Breast Injury
Balloon Catheter Brachytherapy
In een poging om de technische complexiteit en de graad van borsttrauma, geassocieerd met multicatheter interstitiële brachytherapie, te verminderen, werd de MammoSite borst brachytherapie applicator (Hologic Inc, Bedford, Massachusetts) ontwikkeld. De MammoSite is een ballonkatheter die een enkel behandelingslumen bevat voor een met HDR nagebelaste Ir192 bron. Deze applicator werd ontworpen om de dosisverdeling te benaderen die met multikatheterimplantaten wordt bereikt, en tegelijk het inbrengen van de katheter, de planning van de behandeling en de toediening van de behandeling te vereenvoudigen. Het apparaat werd oorspronkelijk onderzocht in een multi-institutioneel onderzoek, dat leidde tot klinische goedkeuring door de Amerikaanse Food and Drug Administration (FDA) in 2002.31 Sinds de introductie zijn tot op heden meer dan 40.000 vrouwen behandeld met de MammoSite, waardoor het de meest gebruikte vorm van APBI is.
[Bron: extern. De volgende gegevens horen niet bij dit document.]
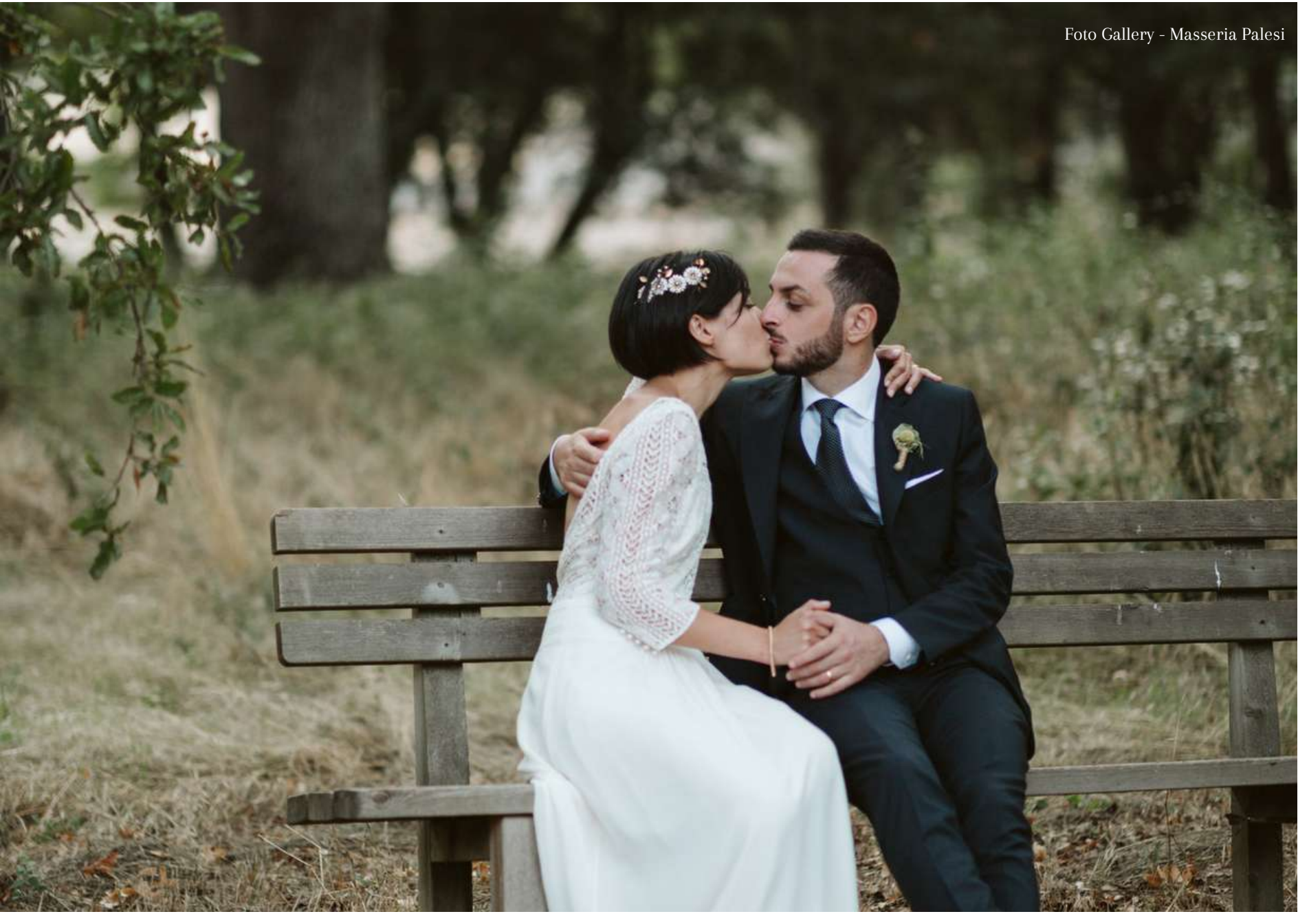
Foto Gallery - Masseria Palesi

Dit apparaat kan worden geplaatst op het moment van de lumpectomie (“open techniek”), maar momenteel wordt postoperatieve plaatsing met behulp van echografie of CT-geleiding (“gesloten techniek”) aanbevolen.32 Na het inbrengen wordt de ballon opgeblazen met water of een zoutoplossing en 2 tot 5 ml radiografisch contrast, zodat de plaatsing met CT kan worden geëvalueerd op de geschiktheid van de huidafstand (optimaal ≥6 mm), de asymmetrie van de ballon (≤2 mm verschil in radius gemeten aan weerszijden van het centrale lumen) en de conformiteit van het ballonoppervlak met de lumpectomieholte (>90%). Net als bij multikatheter brachytherapie wordt de behandeling in het algemeen gegeven in 10 fracties van elk 3,4 Gy, tweemaal daags toegediend gedurende 5 dagen.
Gepubliceerde klinische ervaringen met het MammoSite-apparaat zijn samengevat in Tabel 66-2. De eerste prospectieve, multi-institutionele ervaring met een FDA-goedkeuringsonderzoek werd beschreven door Keisch en medewerkers.31-33 Tot de criteria om in aanmerking te komen behoorden patiënten ouder dan 45 jaar met invasieve ductale carcinomen kleiner dan 2 cm, negatieve resectiemarges en geen aanwijzingen voor okselaandoeningen. Drieënveertig patiënten werden met succes behandeld. Na een mediane follow-up van 5,5 jaar werden geen lokale recidieven (hetzij op het tumorbed of elders in de borst) of regionale recidieven gemeld. Goede of uitstekende cosmetische resultaten werden bereikt bij 83,3% van de patiënten.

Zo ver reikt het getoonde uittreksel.